半年ごとにJava関係の試験をやり直すということは、どれだけコストが掛かるかわかりません。

個人のシステムなら多少問題が起きても 自己責任で済みますが、
企業、特に金融系など莫大なおカネがやり取りされるシステムでは、自己責任ではすみません。

となると事実上、オラクル社にサポート料を払い続けるしか道はないのです。

Androidは?

Javaが使われているAndroidは、どうなの?

ご安心ください。

Androidの開発元のGoogleは、OpenJDKに移行済みです。

さらにこれからの開発は、JavaではなくKotlin(コトリン)という言語に移行してゆくようです。
また、サーバー関連もJavaからの移行がすすみつつあります。

そして、今、もっともおカネを取れる開発言語は、Go(ゴー)というレポートもあります。
Go(ゴー)は、Googleがが設計したプログラム言語です。

Javaプログラマーは、違う言語を習得せよ

Javaは、無くなるとは思いませんが、縮小してゆくことは間違いないと思われます。
なによりJavaのプログラマーが多すぎます。

ここで次の一手を考えないとエンジニアとして生き延びることはできません。
どのプログラム言語が成長するかは、以前ブログに書いてあるので後でそちらを読んでみてください。
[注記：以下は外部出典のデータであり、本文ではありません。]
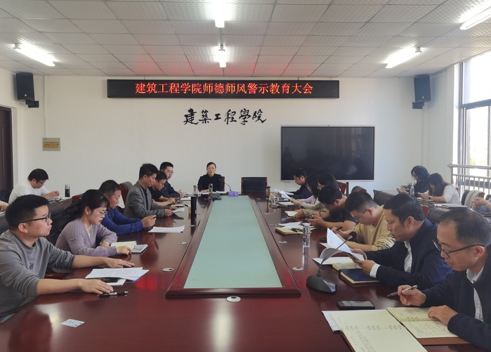 会上首先由党委委员分别领学了《新时代高校教师职业行为十项准则》《教师资格条例》《中华人民共和国教师法》等相关文件。王泽梁书记组织全院教师学习了教育部公开曝光师德师风违规典型案例、科研诚信案件、学术不端行为等典型案例。深刻剖析了教师队伍中存在的重点问题,引导大家以案为鉴,以案明纪,以案促改,时刻保持清醒与警惕,守住底线,不越红线。并强调全体教师要以案例为鉴,落实责任,树立底线意识,希望每一位教师都能在今后的工作中努力践行师德职责。

Javaは、儲からない言語になってしまったのか? TECH ACADEMY(テックアカデミー)で高収入の言語を習得せよ

人工衛星のプログラム開発から銀行のシステム開発まで この世にあるデジタル機器のほとんど全てとインターネットの世界のほとんど全ては、プログラムで書かれています。 あなたが、今このブログをみている、iPh ...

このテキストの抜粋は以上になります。